Las calles desiertas, el miedo al otro, la prevención, la incertidumbre, la lejanía, la impotencia, por momentos la denuncia sobre el vecino. Consejo: un continuo y minucioso lavado de manos.
El virus, hace cuarenta y cuatro años, fue el de la quietud, el de los ojos mirando de soslayo. El desdén. Un virus que en ocasiones causaba el mal de la delación. Una epidemia de bocas selladas. Pero las calles y los bares y las plazas estaban repletas de personas. También de personas ausentes, una ausencia que a buena parte de las personas presentes les importaba un bledo. Un continuo y minucioso lavado de manos. Porque por alguna razón que consideraban ciertamente comprobable esos ausentes nunca más debían estar presentes. Pero están. Y marchan en los pies de otros, en los brazos de otros, en las voces de otros, en el día a día de otros. Que en realidad no son otros sino que son ellos, esos tantos otros que quizá son una nueva versión de ellos. De los treinta mil y, apuesto, muchos más.
Mejor lo escribió, describió, Juan José Saer en su libro El río sin orillas:
“Para la mayoría de los secuestrados, desde el momento en que iban a buscarlos, empezaba un largo túnel que desembocaba en la muerte. La máquina de aniquilación se obstinó, con prolijidad, en borrarlos, moralmente primero, con un itinerario orquestado de humillaciones; físicamente más tarde, con el suplicio y con la muerte, y por último materialmente, quemando y hasta triturando los cadáveres, dispersándolos en la tierra, en el agua, en el fuego, en el aire, con el fin de hacerlos desaparecer, confundidos con los elementos, entre los pliegues más secretos de lo anónimo. Durante dos o tres años, los militares se felicitaron de haber instaurado, como los romanos de Tácito, la paz, hasta que poco a poco, la inconcebible muchedumbre de sombras que ellos creían haber pulverizado y sacado para siempre del aire de este mundo, se puso, con obstinación, a volver.

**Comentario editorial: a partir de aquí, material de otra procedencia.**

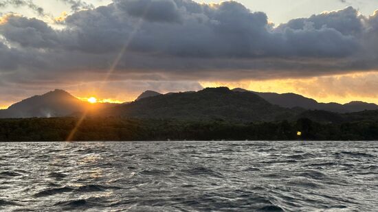 …und es wird dunkel und nochmal spannend. Denn unser Käptns hat sich nicht zeigen lassen wo das Licht am Boot angeht—so müssen wir unsere Anlegestelle im dunkeln finden…
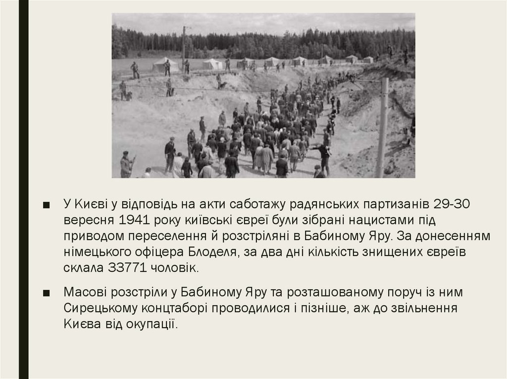 ■ У Києві у відповідь на акти саботажу радянських партизанів 29-30вересня 1941 року київські євреї були зібрані нацистами під
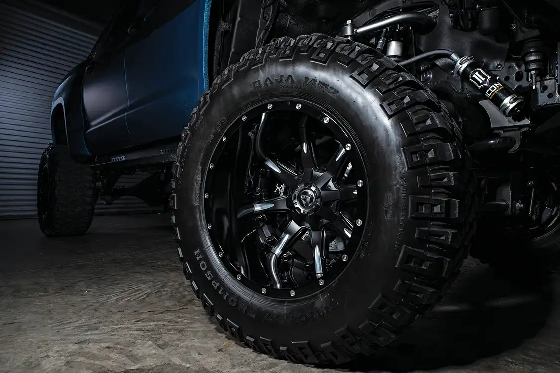 The Complete Customs crew is responsible for guiding this build through to the finish, and they went to town on a custom Bulletproof 12-inch lift in the front and an Atlas 10-inch lift in the rear. The rear track bars and front spindles also come from Bulletproof Suspension, while Icon Vehicle Dynamics shocks help keep the Fuel Off-Road wheels and 38-inch Mickey Thompson Baja MTZ tires on the ground at all four corners. Providing the truck with substantial stopping power are discs from R1 Concepts.

El río, el océano, devolvían, periódicos, los cadáveres; la tierra vomitaba los huesos, los fragmentos de huesos, calcinados pero irreductibles. La opinión pública empezó a inquietarse; aparte de las familias, de los amigos de los desaparecidos, de los exiliados, de las organizaciones humanitarias y de una minoría lúcida que desde el primer momento fue consciente de lo que ocurría, la opinión indecisa, fluctuante, siempre dispuesta a adoptar la explicación más autogratificante de las cosas, se dejó mecer por la melodía con la que más frecuentemente se la incita a bailar: el nacionalismo”.
Virus, gérmenes. El día 28 de junio de 1976, el nuncio apostólico Pío Laghi visitó a las tropas acantonadas en la región de Concepción, provincia de Tucumán, y pronunció un breve discurso:
“El país tiene una ideología tradicional, y cuando alguien pretende imponer otro ideario diferente y extraño la Nación reacciona como un organismo con anticuerpos frente a los gérmenes, generándose así la violencia. Pero nunca la violencia es justa y tampoco la justicia tiene que ser violenta; sin embargo, en ciertas situaciones, la autodefensa exige tomar determinadas actitudes, y en este caso habrá que respetar el derecho hasta donde se pueda (…) Los soldados cumplen con el deber prioritario de amar a Dios y a la patria que está en peligro (…) Hay invasión de ideas que ponen en peligro los valores fundamentales. Esto provoca una situación de emergencia y en esas circunstancias es aplicable el pensamiento de Santo Tomás de Aquino, que enseña que en tales casos el amor a la patria se equipara al amor a Dios”.
En esos meses, en una cena con oficiales del Ejército, decía el general de Brigada y gobernador de la provincia de Buenos Aires, Ibérico Saint Jean: «Primero mataremos a todos los subversivos, luego mataremos a sus colaboradores, después a sus simpatizantes, enseguida a aquellos que permanecen indiferentes y, finalmente, mataremos a los tímidos».
Un modo sutil de aniquilar los gérmenes y diseminar, entre los vecinos ilustres, y no tanto, el virus del continuo y minucioso lavado de manos.